SEOUL: South Korea on ‌Sunday protested a Japanese government event commemorating a cluster of disputed islands between the two countries, calling the ​move an unjust assertion of sovereignty over its territory.
In a statement, the foreign ministry said it strongly objected to the Takeshima Day event held by Japan’s Shimane prefecture and to the attendance of a senior Japanese government official, urging Japan to immediately abolish the ceremony.
The tiny ‌islets, known as ‌Takeshima in Japan and ​Dokdo ‌in South ⁠Korea, ​which controls ⁠them, have long been a source of tension between the two neighbors, whose relations remain strained by disputes rooted in Japan’s colonial rule of the Korean peninsula from 1910 to 1945.
“Dokdo is clearly South Korea’s sovereign territory historically, geographically and ⁠under international law,” the ministry said, calling ‌on Japan to ‌drop what it described as groundless ​claims and to face ‌history with humility.
The ministry summoned a top ‌Japanese diplomat to the ministry building in Seoul to lodge a protest.
A person at Japan’s foreign ministry said no one was available on Sunday to comment. ‌A call to the Prime Minister’s Office went unanswered.
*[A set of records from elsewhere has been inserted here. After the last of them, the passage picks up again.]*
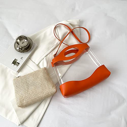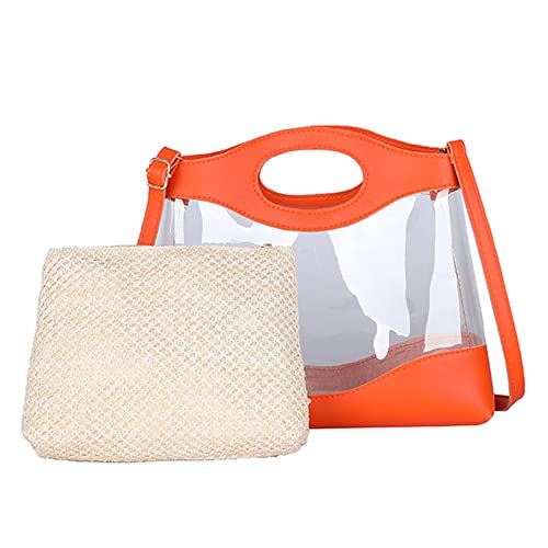 LYEAA 2pcs Borse a Spalla Trasparente Delle Donne Paglia PVC Trasparente Casual Totes PU Borse A Tracolla in Pelle per Ragazza Borsa Messenger Borsa A Mano Set Due Pezzi, Arancione
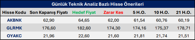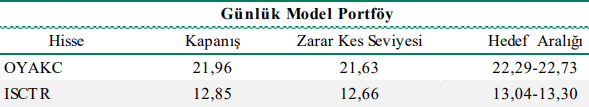 OYAKC : 21.46 yatay destek seviyesinin önemli olduğunu düşünmekteyiz. Bu bölge üzerinde yukarı yönlü fiyat hareketleri olası gözükmektedir. Yukarıda 22.44 – 23.00 seviyelerini sıralı hedefler olarak takip etmekteyiz.
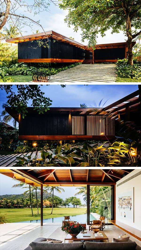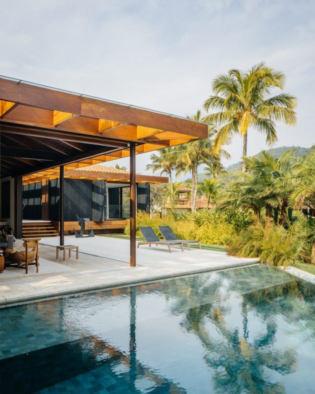 The charred wood façade gives the house a modern, resilient skin that blends with the tropical surroundings.
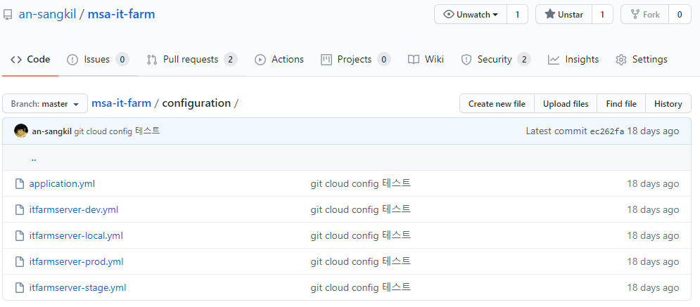 https://github.com/an-sangkil/msa-it-farm.git 경로에 있는 클라우드 컨피그 파일 을 생성한다. 기본적으로 application.yml 을 읽어 드리도록 되어 있다. 추후 spring-cloud-config-client 에서 이야기 하겠지만 ${application-name}-{profileactive}.yml 로 파일을 생성한다.
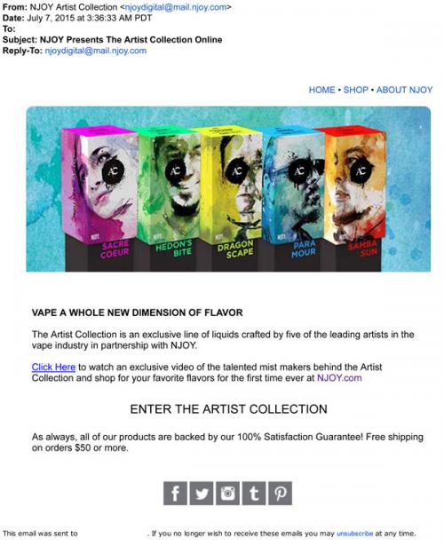 NJOY email promoting the Artist Collection, a selection of flavored e-liquids created by "leading artists in the vape industry." The liquids are now available to buy on the brand website.
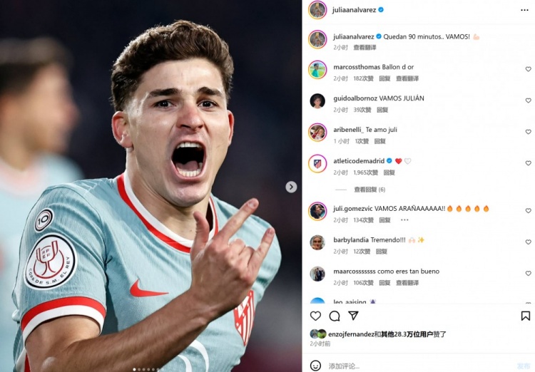 本場(chǎng)比賽阿爾瓦雷斯一傳一射表現(xiàn)出色,賽后他也在個(gè)人社媒曬出本場(chǎng)慶祝進(jìn)球的照片,配文寫道:“還有90分鐘比賽,我們繼續(xù)加油!”

The government sent a ⁠vice-minister ⁠from the Cabinet Office, not a cabinet minister, to the ceremony.
Seoul has repeatedly objected to Japan’s territorial claims over the islands, including a protest issued on Friday over comments by Japan’s foreign minister during a parliamentary address asserting Tokyo’s sovereignty over the islets.
The territory lies in fertile fishing grounds and may sit above enormous deposits of natural gas hydrate that could be worth ​billions of dollars, ​Seoul has said.